Lastly, these areas are often quite remote and inaccessible. Today, although many of the roads have been repaired, it is still difficult to reach certain communities. This increases the isolation of people with injuries and the difficulty of providing care.
Deployment of post-emergency activities
Working with partners to cover a wide area
HI is working in three provinces (Al-Haouz, Chichaoua and Taroudant) and is currently collaborating with two Moroccan partners: the national community-based rehabilitation (CBR) network and an association called Migrations et Développement. The CBR network is made up of Moroccan rehabilitation professionals who work with HI as volunteers. Migrations et Développement employs humanitarian workers specialized in the community approach. They are well-established in the country and have sound knowledge of their ecosystem. In both cases, the teams work directly with the population. HI has taken charge of training their community workers and relays to enable them to adapt their interventions to the specific characteristics of caring for people with earthquake-related injuries and in a post-emergency context. This training is adapted to the profiles of the staff concerned.
Complex organization requiring considerable flexibility
Coordinating a "caravan" service presents a number of challenges. It always requires a significant amount of preparation and scoping to adapt it to the geographical area concerned and to its population. Because this type of mobile intervention is new, practices are constantly being improved to ensure that patients receive high-quality care. The teams have put a comprehensive care pathway in place with patient referral through to physical therapy sessions and more comprehensive mental health support. Detailed logistical preparation for a “caravan” is also crucial: confirming that the volunteers will be available, identifying the precise site where the caravan will stop to provide treatment, identifying the route and determining the state of the roads, ensuring that the local communities have been informed, making a checklist of all the equipment needed, ensuring that the team's accommodation and meals have been arranged, and so on.
"The organization is quite intense for our teams; we work during the week and also on weekends to meet everyone's requirements and guarantee quality care for our patients. We quickly lose track of time," says Hicham Habibou, Project Manager at HI.
Six members of HI are involved in this project. They work alongside our partners' teams of around 25 people.

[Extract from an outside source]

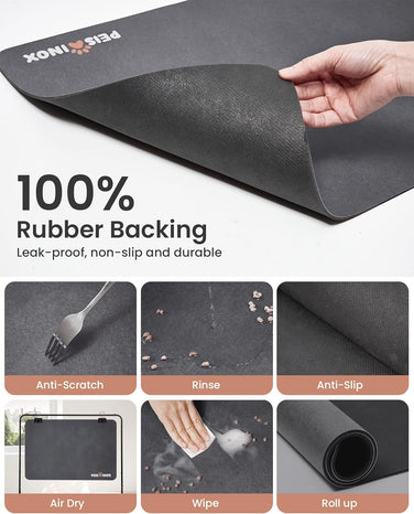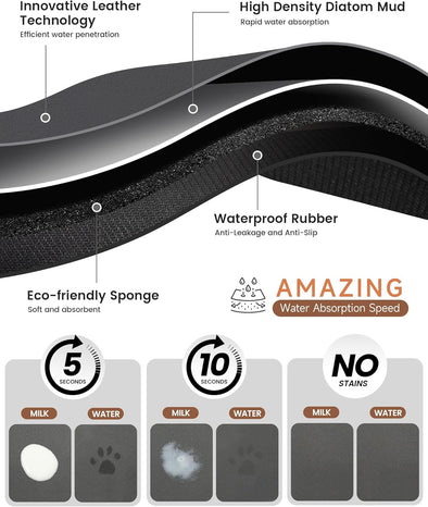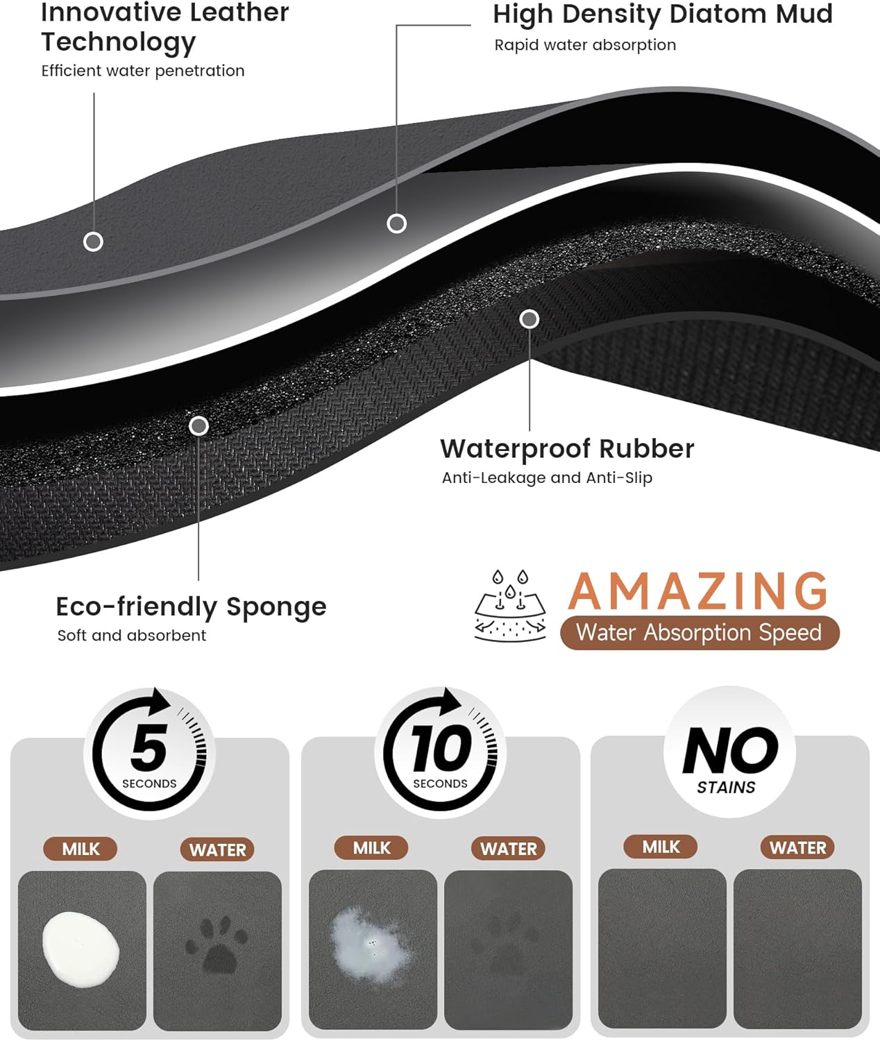 - 🐾SUPERIOR WATER ABSORPTION & QUICK DRYING - Our dog food mat boasts exceptional water absorption and quick-drying capabilities, rapidly soaking up spills like water and milk without leaving any traces. Provide your dog with a clean and hygienic dining environment.

Encouraging results for the first “caravans”
After a period of training for the partners during the week of December 23, 2023, the first caravan was deployed from December 29 to 31, 2023 in the communities of Sidi Bedhaj and Amizmiz, in Al-Haouz province. Ideally, the teams are made up of two physical therapists, two psychologists and three CBR agents and see 20 people a day to meet quality standards. After this first “caravan”, six more were organized, reaching more than 210 people.
"Today, after three caravans (9 days in the field) I think we’ve established a good working dynamic. The interventions are going well, and we've found our rhythm with all the partners and the patients. The results so far are positive and we'll be building on them over the coming months," concludes Hicham Habibou.